Ancient epistolography is a huge field of research. Even if we limit ourselves to the classical world, the large number of letters of all sorts that have been handed down to us from this period attest to their popularity. There are, throughout antiquity, all kinds of letters, on all kinds of materials, coming from all over the Mediterranean and beyond. Moreover, the study of ancient letters is covered by different disciplines of research (papyrology, epigraphy, palaeography, as well as ancient history and classical philology), resulting in a great variety of approaches.
There are, indeed, many differences between the so-called ‘Berezan letter’ scratched by Achillodoros to his son on a thin sheet of lead, on the north shores of the Black Sea (SEG 26.845.3, 6th century B.C.),1 the invitation to her birthday party sent by Claudia Severa to her sister Sulpicia Lepidina on a wooden tablet, found at the site of Vindolanda, a Roman fort in north England (T.Vindol.
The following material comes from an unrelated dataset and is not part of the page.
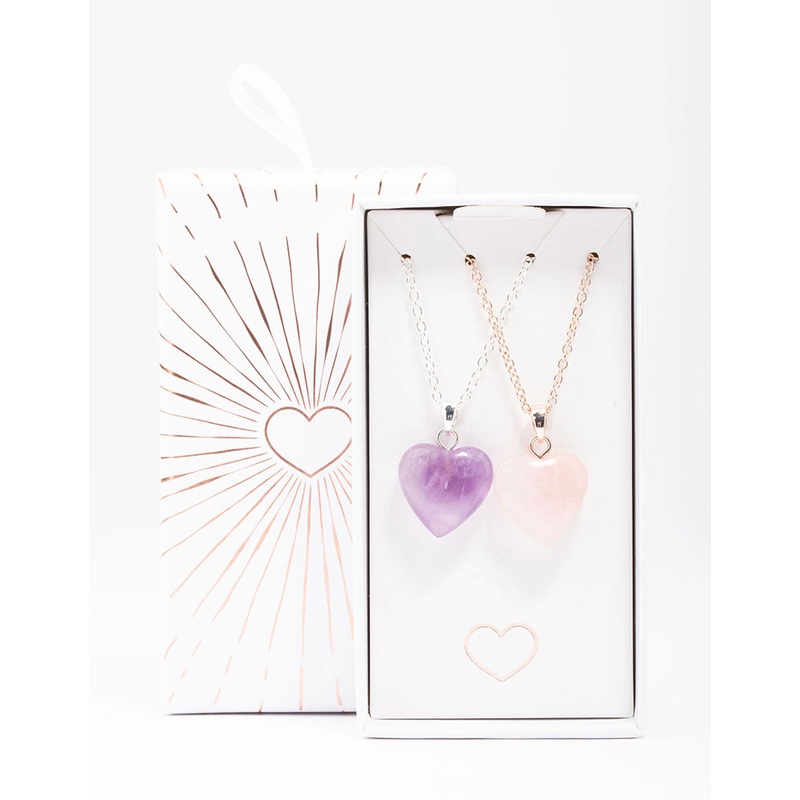This gift box contains two pendant necklaces adorned with rose quartz and amethyst heart charms.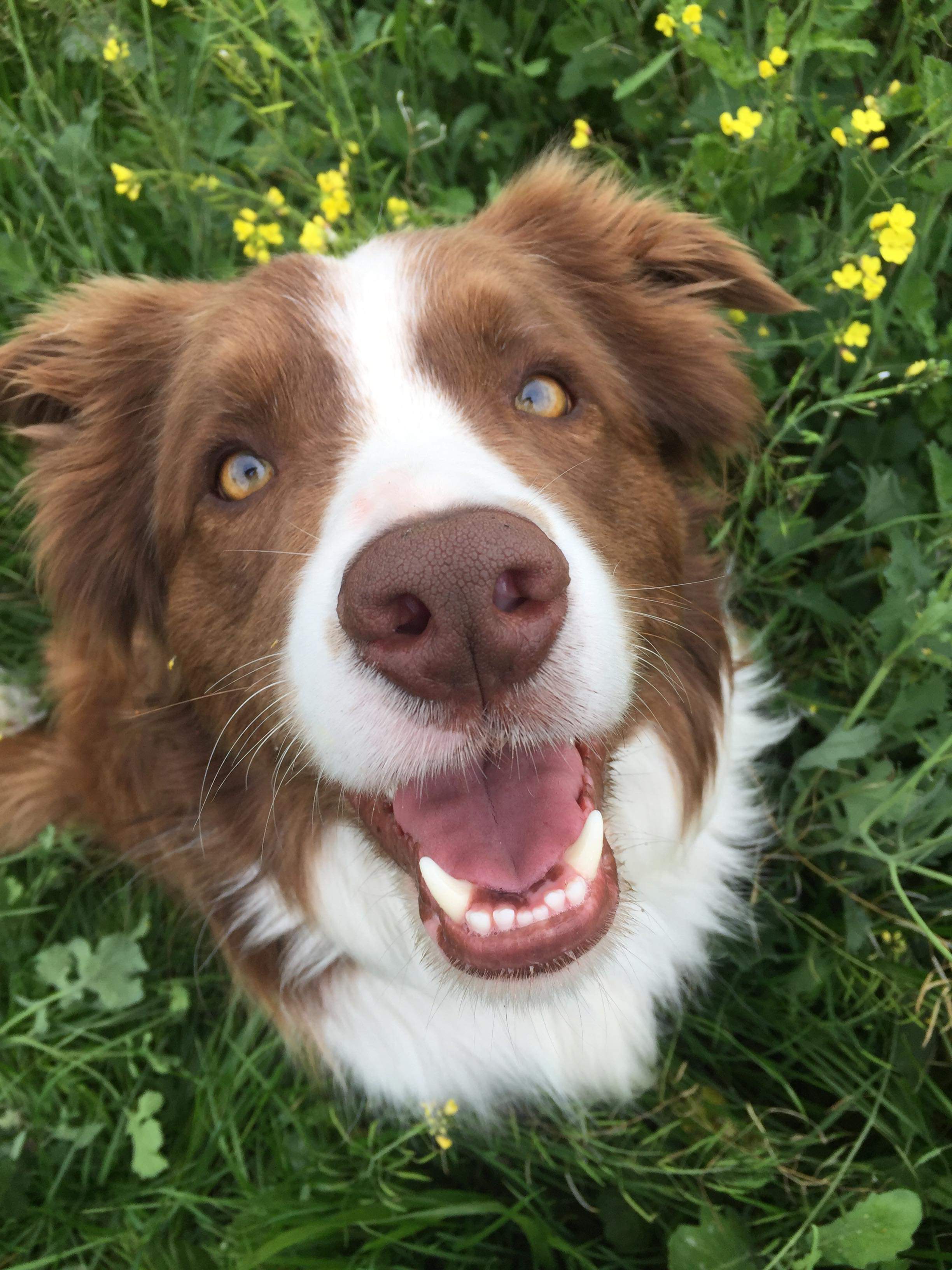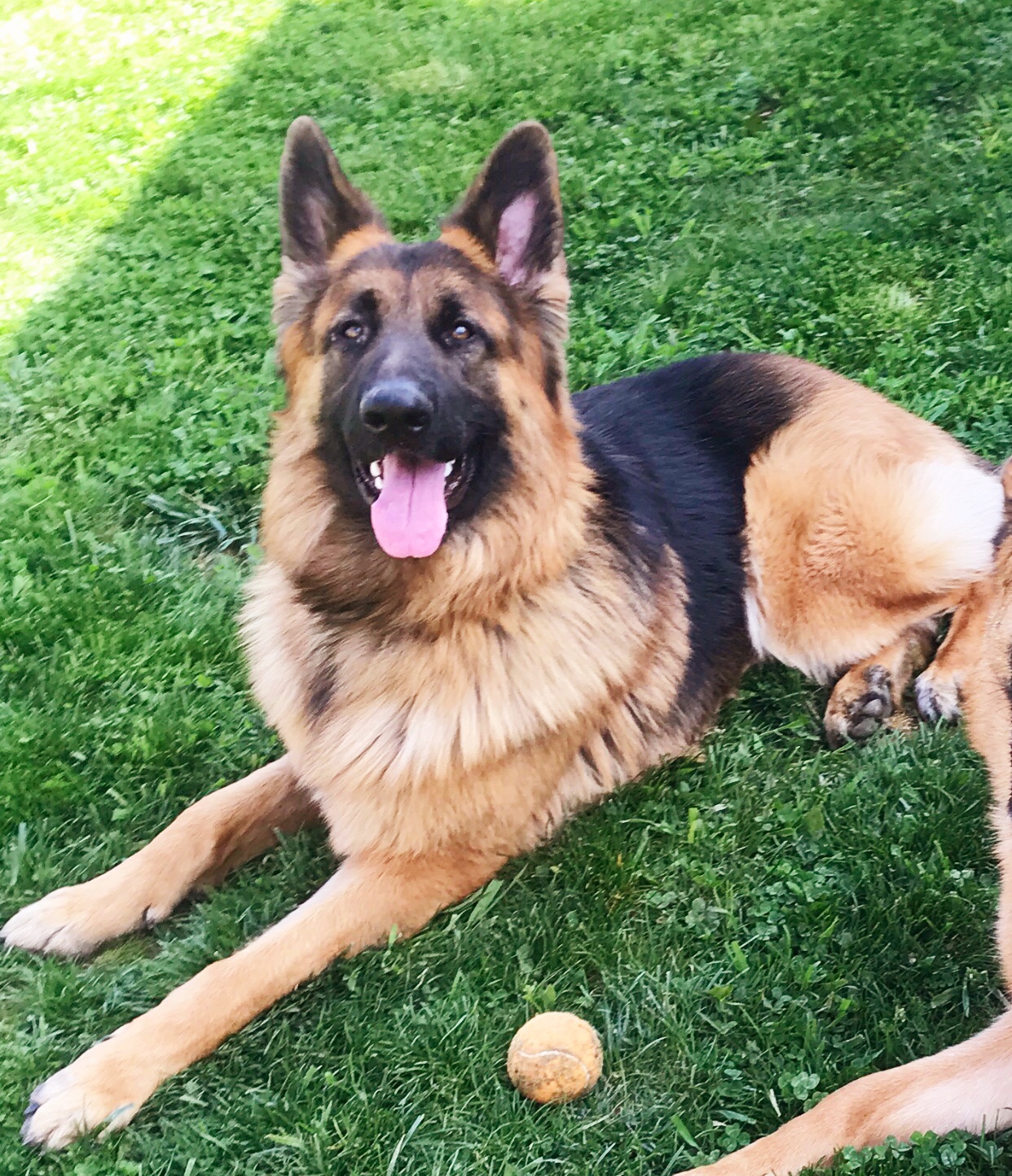Painting of a German Shepherd lying in the grass with a tennis ball.

II 291, 97–105),2 the official letter sent by the king Attalos III of Pergamum to the Council and people of Cyzicus on the 8th October 135 B.C. which survives in an inscribed copy whose remains are now in Berlin (Inschr. Perg. 248),3 and the letter collections of the Roman orators and politicians Cicero and Pliny, assembled in many books, or the large epistolary corpora of the Church Fathers Basil and Augustine, which all had a tremendous influence on posterity, both for their literary qualities and their historical value. These, in turn, may seem to have little in common with Alciphron’sLetters, a literary work4 divided in four books according to the social status of the addressees (fishermen, farmers, parasites and courtesans) and imaginatively located in 4th century Athens, or with theLetters of Phalaris, pseudepigraphic letters attributed to the semi-legendary tyrant of Acragas in Sicily, who was known for the brazen bull in which he roasted his enemies alive. The amount and variety of the material as well as its heterogeneity makes a totalizing survey of ancient epistolography difficult. While scholarship on ancient letters and letter writing has continued to increase in the last decades, therefore, classicists have moved away from holistic attempts at categorization or definition, choosing to engage in more specific approaches instead.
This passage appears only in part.